> **TASK**: Every line from the one bearing "7月11日,網(wǎng)傳" through the last line of the records below is to be output exactly, and no other line; leave out the pictures.

> **EXTRACTED INFORMATION**:
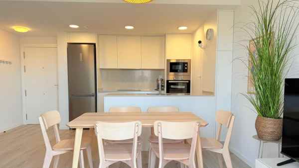 This elegant residence situated in the cherished city of Dénia, in the heart of the Costa Blanca, constitutes an outstanding real estate proposal for those looking to enjoy a privileged maritime environment or seek a secure investment in a high-demand area. The property, located on the third floor of a modern four-story building completed in 2025, combines contemporary architecture with a high standard of quality, offering a residential experience designed for comfort and daily functionality. With 57 m² of usable space and a total of 62 m² built, the home features two bright bedrooms, two fully equipped bathrooms, a spacious living area that harmoniously integrates with a contemporary open-plan kitchen, and a 6.84 m² terrace that invites you to enjoy the Mediterranean climate and the relaxed atmosphere characteristic of this coastal town. The interiors have been conceived to guarantee spaciousness, fluidity, and brightness, using high-quality materials that provide durability and aesthetics. Its strategic location—very close to the beach, the marina, shops, supermarkets, essential services, and a varied gastronomic offer—allows for taking full advantage of everything Dénia has to offer without the need for long commutes. Additionally, there is a comprehensive set of communal facilities that enhance the value of the residence, including a large pool complex with bathing areas for different ages and a relaxing jacuzzi, extensive meticulously maintained garden areas, spaces for relaxation and socializing, an indoor gym equipped for daily sports activities, a social club for gatherings or events, a multifunctional room adaptable to different needs, a storage room that provides additional storage capacity, and community parking that facilitates resident comfort. The costs associated with the property remain within a balanced structure, with an approximate IBI of 450 euros per year, a waste fee of around 120 euros annually, and community costs of approximately 1,200 euros. This combination of attributes makes this property a highly attractive choice for those looking to establish themselves permanently in an exceptional Mediterranean environment or for those wishing to acquire a real estate asset with excellent rental potential, offering an impeccable blend of quality, location, and lifestyle.
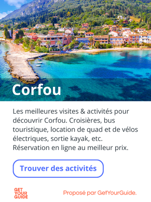 Au départ de Corfou, un bus à impériale dessert la presqu’île de Kanoni. Il vous permettra de visiter d’autres sites majeurs tels que la vieille ville de Corfou et le palais de Mon Repos. Lors de ce tour guidé en français 🇫🇷, vous n’aurez qu’à vous installer confortablement sur votre siège. Surtout, préparez votre appareil photo pour capturer les merveilleux points de vue sur les paysages !
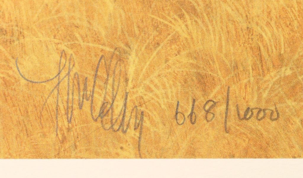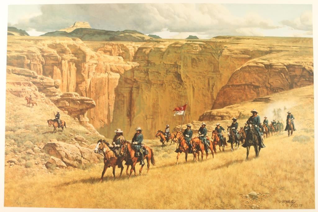 "The Long Knives" hand signed in pencil lower left 668/1000. Image measures 18"x27 1/4". Print only with information on the artist in a Greenwich Workshop folio. Frank McCarthy was born in New York City and was drawn to the West since he read Will James novels as a boy. He was also intrigued by N.C. Wyeth illustrations. Frank McCarthy's formal training was at the Pratt Institute and had a career in commercial art and as an illustrator. The lure of the West was strong and he eventually settled in Sedona, AZ and became a member of the Cowboy Artists of America. Frank has had several shows in prominent museums and his work has appeared in many national magazines.
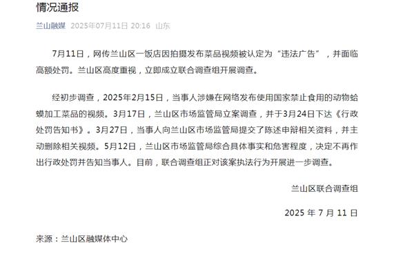 7月11日,網(wǎng)傳蘭山區(qū)一飯店因拍攝發(fā)布菜品視頻被認(rèn)定為“違法廣告”,并面臨高額處罰。蘭山區(qū)高度重視,立即成立聯(lián)合調(diào)查組開(kāi)展調(diào)查。
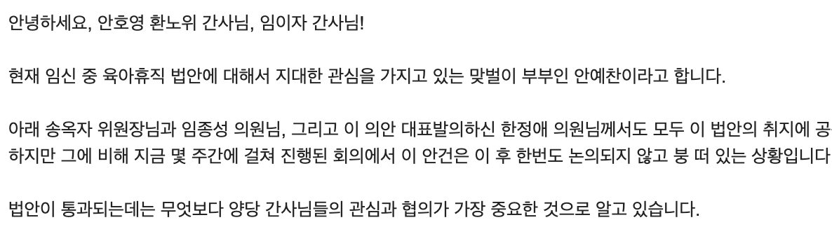 그래서 잊지 마시라고 이번에는 송옥주 위원장님과 더민주와 국민의힘 양당 환노위 간사분들께도 또 메일을 썼다. 잊지 말고 챙겨봐달라고 말이다.

> **YOUR RESPONSE**:
 7月11日,網(wǎng)傳蘭山區(qū)一飯店因拍攝發(fā)布菜品視頻被認(rèn)定為“違法廣告”,并面臨高額處罰。蘭山區(qū)高度重視,立即成立聯(lián)合調(diào)查組開(kāi)展調(diào)查。
 그래서 잊지 마시라고 이번에는 송옥주 위원장님과 더민주와 국민의힘 양당 환노위 간사분들께도 또 메일을 썼다. 잊지 말고 챙겨봐달라고 말이다.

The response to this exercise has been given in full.